My primary science hero is David Baltimore. What we know as a result of his intellectual endeavours is startling. He was always an exceptional student, but interestingly, during his undergrad, he lived in the shadow of an upperclassman by the name of Howard Temin (see below). He went on to grad school at Rockefeller, where he earned the knickname "the little emperor" from the esteemed facutly, as he never took shit from nobody; even Nobel laureates on the faculty would find themselves in over their heads when they attempted to criticize Baltimore's work.

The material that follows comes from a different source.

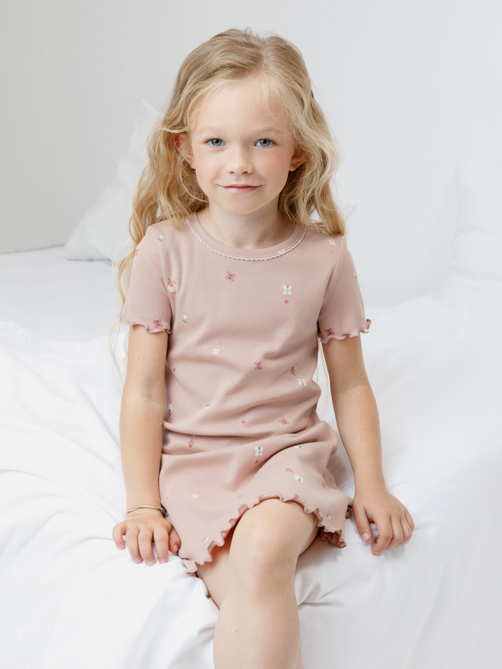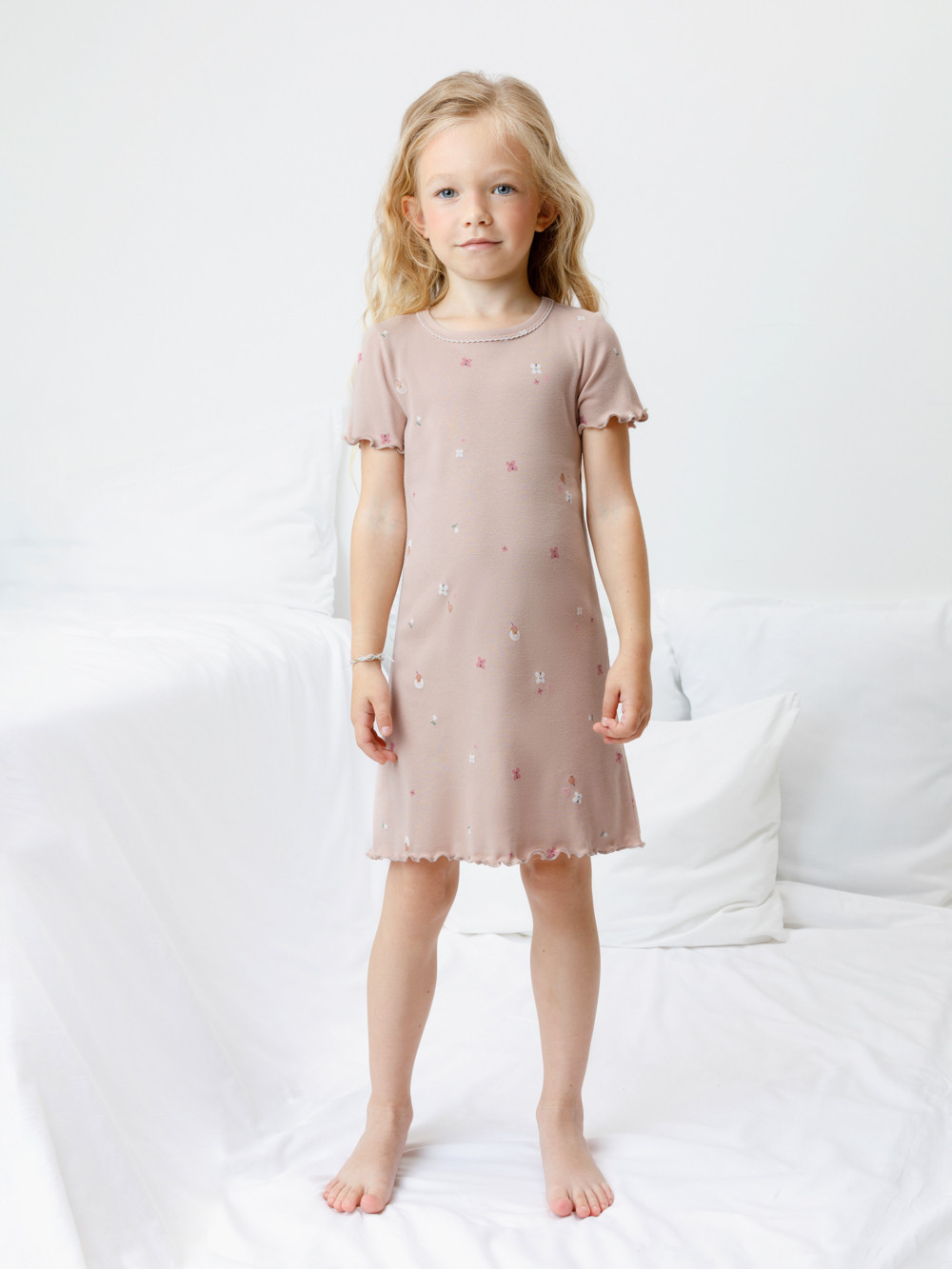 Сорочка с короткими втачными рукавами для девочки. Изготовлена из мягкого эластичного трикотажа в рубчик, произведённого из натурального хлопка. Оригинальная набивка выполнена из стойких гипоаллергенных текстильных красителей. Изделие сохраняет цвет и форму после многократных стирок. Все трикотажные полотна производятся в соответствии с нормами швейцарского сертификата ЭкоТекс.

He eventually went on to discover reverse transcriptase, which overthrew the "central dogma" (and for which he shared the 1975 Nobel Prize for Physiology or Medicine (at the age of 37!!!) with the aforementioned Temin, who independently proved the existence of reverse transcription). He also discovered the biochemical basis of VDJ recombination and NF-kB, among many other great accomlishments. He was also a pioneer in the development viral vectors for gene therapy. He continues to consistently produce top-notch science.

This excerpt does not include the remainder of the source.